====== TASK DATA ======
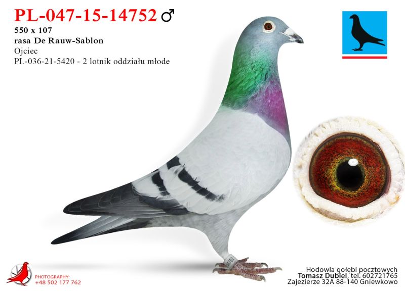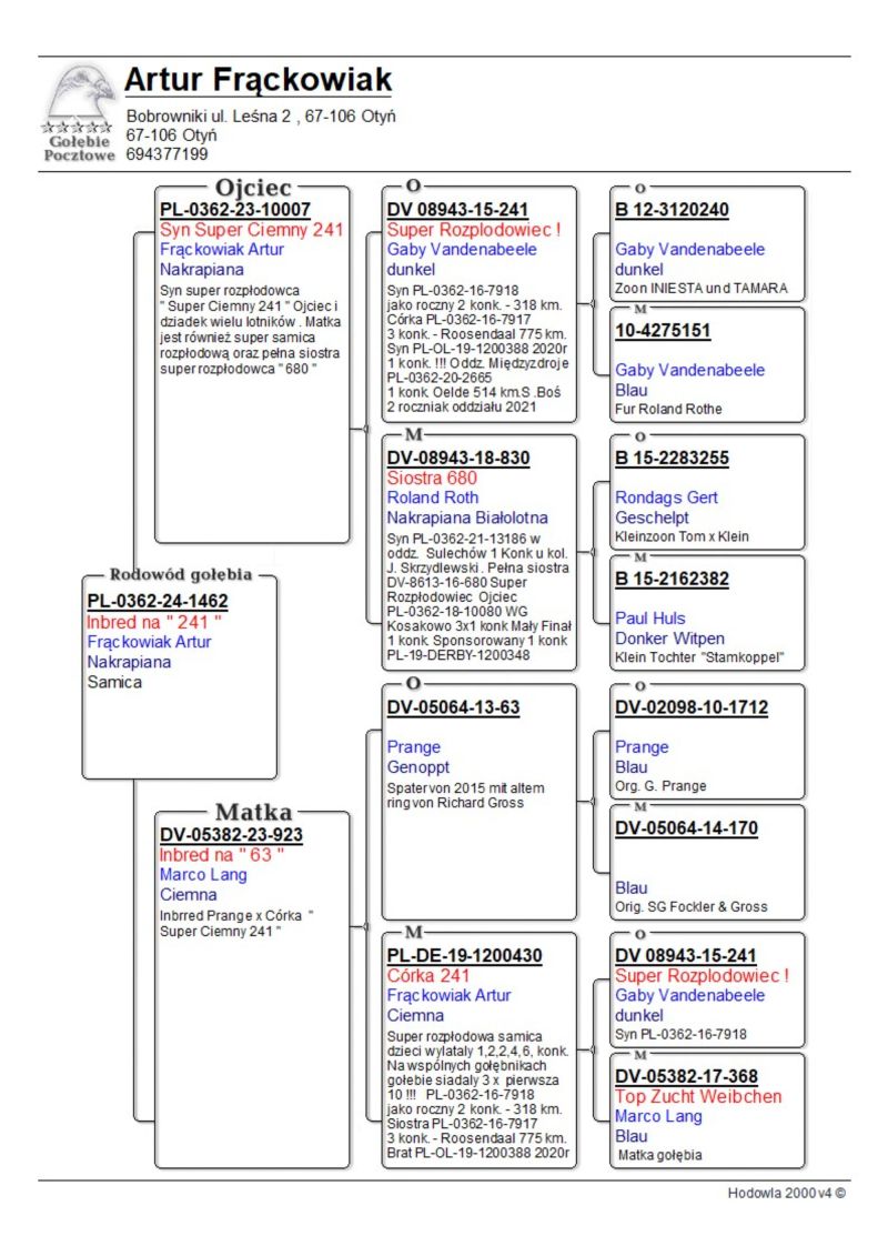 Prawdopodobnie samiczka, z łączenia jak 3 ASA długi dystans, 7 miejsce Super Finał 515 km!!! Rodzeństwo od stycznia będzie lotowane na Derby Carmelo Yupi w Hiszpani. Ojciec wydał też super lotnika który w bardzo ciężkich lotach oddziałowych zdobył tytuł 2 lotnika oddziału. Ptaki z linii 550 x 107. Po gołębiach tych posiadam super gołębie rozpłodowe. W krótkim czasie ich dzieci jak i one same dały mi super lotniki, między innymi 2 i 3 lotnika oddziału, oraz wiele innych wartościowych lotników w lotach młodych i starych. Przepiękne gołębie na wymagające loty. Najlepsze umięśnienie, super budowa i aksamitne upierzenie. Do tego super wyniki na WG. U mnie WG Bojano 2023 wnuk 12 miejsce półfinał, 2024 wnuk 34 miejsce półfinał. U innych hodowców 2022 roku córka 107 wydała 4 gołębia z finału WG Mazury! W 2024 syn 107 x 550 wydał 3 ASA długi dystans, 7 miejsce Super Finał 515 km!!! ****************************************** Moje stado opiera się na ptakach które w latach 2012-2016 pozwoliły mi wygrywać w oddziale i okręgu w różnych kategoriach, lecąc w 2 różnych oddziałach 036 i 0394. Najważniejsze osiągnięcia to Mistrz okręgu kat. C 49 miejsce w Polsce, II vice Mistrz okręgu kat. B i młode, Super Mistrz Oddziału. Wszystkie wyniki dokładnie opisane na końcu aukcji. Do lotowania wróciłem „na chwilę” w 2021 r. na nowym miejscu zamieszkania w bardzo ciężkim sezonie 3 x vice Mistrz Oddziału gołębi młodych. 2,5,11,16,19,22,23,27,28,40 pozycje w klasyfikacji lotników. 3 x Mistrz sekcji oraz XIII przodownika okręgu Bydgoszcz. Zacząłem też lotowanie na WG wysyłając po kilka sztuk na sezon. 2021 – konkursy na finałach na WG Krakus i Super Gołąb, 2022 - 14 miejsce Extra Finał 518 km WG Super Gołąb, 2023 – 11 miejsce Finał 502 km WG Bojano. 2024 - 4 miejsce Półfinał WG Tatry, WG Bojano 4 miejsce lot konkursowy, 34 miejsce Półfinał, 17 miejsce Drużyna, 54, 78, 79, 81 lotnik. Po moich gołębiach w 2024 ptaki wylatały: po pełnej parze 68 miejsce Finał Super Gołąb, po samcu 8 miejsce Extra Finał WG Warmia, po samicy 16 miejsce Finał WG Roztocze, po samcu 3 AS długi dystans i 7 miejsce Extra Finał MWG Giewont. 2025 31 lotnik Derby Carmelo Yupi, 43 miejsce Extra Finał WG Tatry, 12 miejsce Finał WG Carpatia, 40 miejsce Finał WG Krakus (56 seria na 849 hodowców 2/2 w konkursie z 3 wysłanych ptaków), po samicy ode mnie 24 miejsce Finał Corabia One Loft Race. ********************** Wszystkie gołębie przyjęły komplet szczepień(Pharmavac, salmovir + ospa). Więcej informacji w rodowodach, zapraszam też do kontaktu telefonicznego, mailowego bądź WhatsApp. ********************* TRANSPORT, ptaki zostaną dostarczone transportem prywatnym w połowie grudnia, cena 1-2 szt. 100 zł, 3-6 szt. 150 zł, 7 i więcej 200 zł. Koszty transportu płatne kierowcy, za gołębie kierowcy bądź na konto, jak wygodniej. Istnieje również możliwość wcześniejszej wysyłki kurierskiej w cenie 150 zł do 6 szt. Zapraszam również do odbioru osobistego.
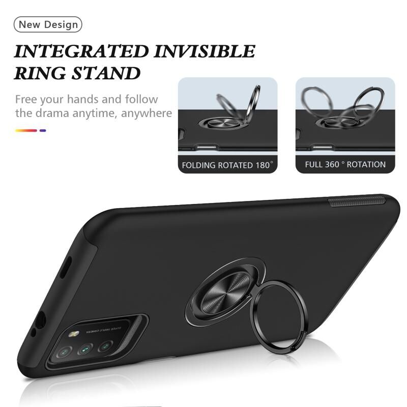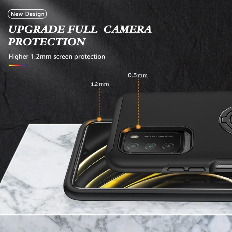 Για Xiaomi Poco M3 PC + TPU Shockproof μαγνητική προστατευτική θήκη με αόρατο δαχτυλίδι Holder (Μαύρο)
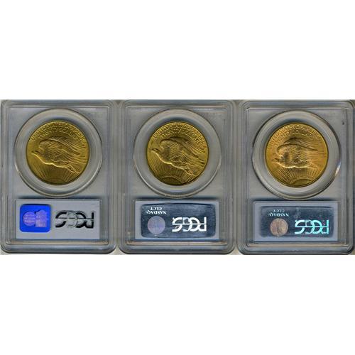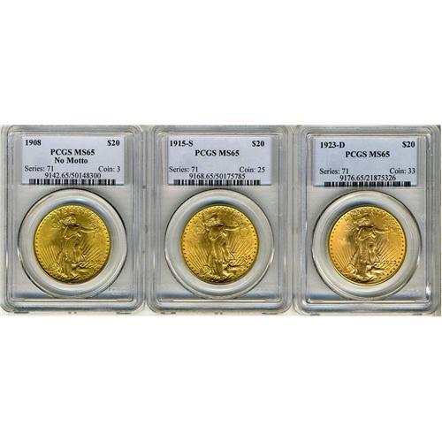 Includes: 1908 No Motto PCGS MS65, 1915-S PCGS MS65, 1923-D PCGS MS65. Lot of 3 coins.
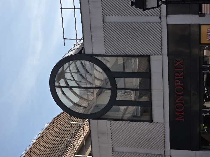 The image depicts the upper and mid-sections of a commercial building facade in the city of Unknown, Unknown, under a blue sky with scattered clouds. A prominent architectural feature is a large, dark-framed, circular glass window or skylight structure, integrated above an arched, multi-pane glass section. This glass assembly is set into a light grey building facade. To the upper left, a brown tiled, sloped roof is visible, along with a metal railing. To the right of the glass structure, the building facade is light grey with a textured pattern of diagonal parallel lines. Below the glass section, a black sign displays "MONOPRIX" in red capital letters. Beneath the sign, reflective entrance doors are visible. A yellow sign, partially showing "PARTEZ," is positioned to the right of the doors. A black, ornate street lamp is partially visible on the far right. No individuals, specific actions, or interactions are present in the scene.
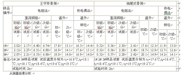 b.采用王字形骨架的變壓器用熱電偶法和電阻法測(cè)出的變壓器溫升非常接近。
======
# [TASK OBJECTIVE]
Give the material above again exactly as it stands, minus any images.

# [EXPECTED ANSWER]
 Prawdopodobnie samiczka, z łączenia jak 3 ASA długi dystans, 7 miejsce Super Finał 515 km!!! Rodzeństwo od stycznia będzie lotowane na Derby Carmelo Yupi w Hiszpani. Ojciec wydał też super lotnika który w bardzo ciężkich lotach oddziałowych zdobył tytuł 2 lotnika oddziału. Ptaki z linii 550 x 107. Po gołębiach tych posiadam super gołębie rozpłodowe. W krótkim czasie ich dzieci jak i one same dały mi super lotniki, między innymi 2 i 3 lotnika oddziału, oraz wiele innych wartościowych lotników w lotach młodych i starych. Przepiękne gołębie na wymagające loty. Najlepsze umięśnienie, super budowa i aksamitne upierzenie. Do tego super wyniki na WG. U mnie WG Bojano 2023 wnuk 12 miejsce półfinał, 2024 wnuk 34 miejsce półfinał. U innych hodowców 2022 roku córka 107 wydała 4 gołębia z finału WG Mazury! W 2024 syn 107 x 550 wydał 3 ASA długi dystans, 7 miejsce Super Finał 515 km!!! ****************************************** Moje stado opiera się na ptakach które w latach 2012-2016 pozwoliły mi wygrywać w oddziale i okręgu w różnych kategoriach, lecąc w 2 różnych oddziałach 036 i 0394. Najważniejsze osiągnięcia to Mistrz okręgu kat. C 49 miejsce w Polsce, II vice Mistrz okręgu kat. B i młode, Super Mistrz Oddziału. Wszystkie wyniki dokładnie opisane na końcu aukcji. Do lotowania wróciłem „na chwilę” w 2021 r. na nowym miejscu zamieszkania w bardzo ciężkim sezonie 3 x vice Mistrz Oddziału gołębi młodych. 2,5,11,16,19,22,23,27,28,40 pozycje w klasyfikacji lotników. 3 x Mistrz sekcji oraz XIII przodownika okręgu Bydgoszcz. Zacząłem też lotowanie na WG wysyłając po kilka sztuk na sezon. 2021 – konkursy na finałach na WG Krakus i Super Gołąb, 2022 - 14 miejsce Extra Finał 518 km WG Super Gołąb, 2023 – 11 miejsce Finał 502 km WG Bojano. 2024 - 4 miejsce Półfinał WG Tatry, WG Bojano 4 miejsce lot konkursowy, 34 miejsce Półfinał, 17 miejsce Drużyna, 54, 78, 79, 81 lotnik. Po moich gołębiach w 2024 ptaki wylatały: po pełnej parze 68 miejsce Finał Super Gołąb, po samcu 8 miejsce Extra Finał WG Warmia, po samicy 16 miejsce Finał WG Roztocze, po samcu 3 AS długi dystans i 7 miejsce Extra Finał MWG Giewont. 2025 31 lotnik Derby Carmelo Yupi, 43 miejsce Extra Finał WG Tatry, 12 miejsce Finał WG Carpatia, 40 miejsce Finał WG Krakus (56 seria na 849 hodowców 2/2 w konkursie z 3 wysłanych ptaków), po samicy ode mnie 24 miejsce Finał Corabia One Loft Race. ********************** Wszystkie gołębie przyjęły komplet szczepień(Pharmavac, salmovir + ospa). Więcej informacji w rodowodach, zapraszam też do kontaktu telefonicznego, mailowego bądź WhatsApp. ********************* TRANSPORT, ptaki zostaną dostarczone transportem prywatnym w połowie grudnia, cena 1-2 szt. 100 zł, 3-6 szt. 150 zł, 7 i więcej 200 zł. Koszty transportu płatne kierowcy, za gołębie kierowcy bądź na konto, jak wygodniej. Istnieje również możliwość wcześniejszej wysyłki kurierskiej w cenie 150 zł do 6 szt. Zapraszam również do odbioru osobistego.
 Για Xiaomi Poco M3 PC + TPU Shockproof μαγνητική προστατευτική θήκη με αόρατο δαχτυλίδι Holder (Μαύρο)
 Includes: 1908 No Motto PCGS MS65, 1915-S PCGS MS65, 1923-D PCGS MS65. Lot of 3 coins.
 The image depicts the upper and mid-sections of a commercial building facade in the city of Unknown, Unknown, under a blue sky with scattered clouds. A prominent architectural feature is a large, dark-framed, circular glass window or skylight structure, integrated above an arched, multi-pane glass section. This glass assembly is set into a light grey building facade. To the upper left, a brown tiled, sloped roof is visible, along with a metal railing. To the right of the glass structure, the building facade is light grey with a textured pattern of diagonal parallel lines. Below the glass section, a black sign displays "MONOPRIX" in red capital letters. Beneath the sign, reflective entrance doors are visible. A yellow sign, partially showing "PARTEZ," is positioned to the right of the doors. A black, ornate street lamp is partially visible on the far right. No individuals, specific actions, or interactions are present in the scene.
 b.采用王字形骨架的變壓器用熱電偶法和電阻法測(cè)出的變壓器溫升非常接近。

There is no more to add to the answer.